Hybrid War, International, More

In the wake of the Helsinki summit, Moscow’s state information service Russia Today baldly declared that “Russia has defeated the US in the information war,” arguing that this had happened because Russia with its centralized approach was a true empire while the US was not.

Vadim Shtepa, Russian philosopher, political writer

Vadim Shtepa

But that claim and even more that argument as intended, Vadim Shtepa says, conceals more than it reveals and distracts attention from the Kremlin’s development of what he calls “information spetsnaz” techniques over the last 15 years, techniques that earlier articles were quite open about.

In an article for the Tallinn Center for Information on Security and Defense, an institution that is becoming ever more important for the analysis of Russian behavior in this sector, the Estonia-based Russian regionalist who edits the After Empire portal points to some of the most important of these earlier articles.

Many of these articles were ignored when they appeared, both as a result of the nature of the very nature of the information war Moscow has been conducting against the West and the West’s failure to monitor what Russian sources were saying. As a result, the West was not prepared for what Moscow was doing. It must not fail again.

Shtepa divides his essay into three parts. In the first, which he calls “’Information Spetsnaz’ (the Panarin-Gerasimov Doctrine),” he calls particular attention to two articles: One by Igor Panarin of the Russian Diplomatic Academy in 2008, and the second by Gen. Valery Gerasimov, the chief of the Russian General Staff in 2013.

Writing just after the Russian invasion of Georgia, Panarin argues that Russia in one sense lost that war because it had not put in place the kind of information system that could have convinced the West that Moscow was entirely justified in doing what it did.

Russia must revive the foreign policy propaganda system it lost in the 1990s but in a new way, one that would not seek to defend what Moscow was doing but rather to go over to the offensive and “actively destroy ‘hostile’ societies” by means of what he called “’information spetsnaz.’”

Such campaigns, he suggested, would seek to undermine the information systems of opponents by creating multiple realities so that people in those countries would become unsure of what was actually the case. He pointed to the creation of Russia Today in 2006 as an important means to that end.

If Panarin’s essay was largely ignored a decade ago, Gerasimov’s five years later attracted more attention. He developed many of the Diplomatic Academy expert’s ideas to insist that Russia can only win if it stops trying to copy other countries and instead develops its own approach to conflict.

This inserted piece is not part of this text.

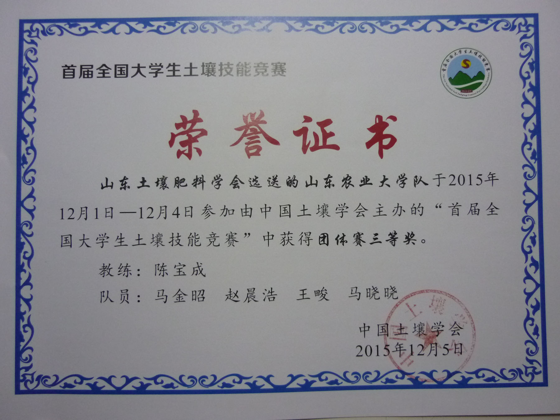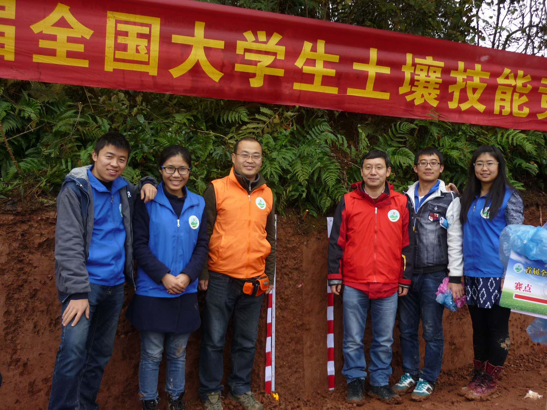 经“山东土壤肥料学会”推荐,我院张民、李成亮老师领队,陈宝成老师作为教练,马金昭、赵晨浩、王畯、马骁骁同学代表山东农业大学于2015年12月1-5日参加了由中国土壤学会主办,中国土壤学会土壤发生、分类与土壤地理专业委员会,重庆土壤学会,中国土壤学会教育工作委员会,西南大学资源环境学院承办的“首届全国大学生土壤技能竞赛”。

That approach, the general said, requires the use of information as the key tool in military operations to confuse and disorder opponents rather than simply countering whatever they are saying, again stressing, as Shtepa says, that Russia must take the offensive in this area and never give it up, lest these techniques be played back against Moscow.

In the second section of his essay, the Tallinn author focuses on an even earlier article, a 2003 study by Anna Polyanskaya, Andrey Krivov and Ivan Lomko on how to create what they called “’a web brigade’” to take advantage of the opportunities the Internet provides for disordering other societies.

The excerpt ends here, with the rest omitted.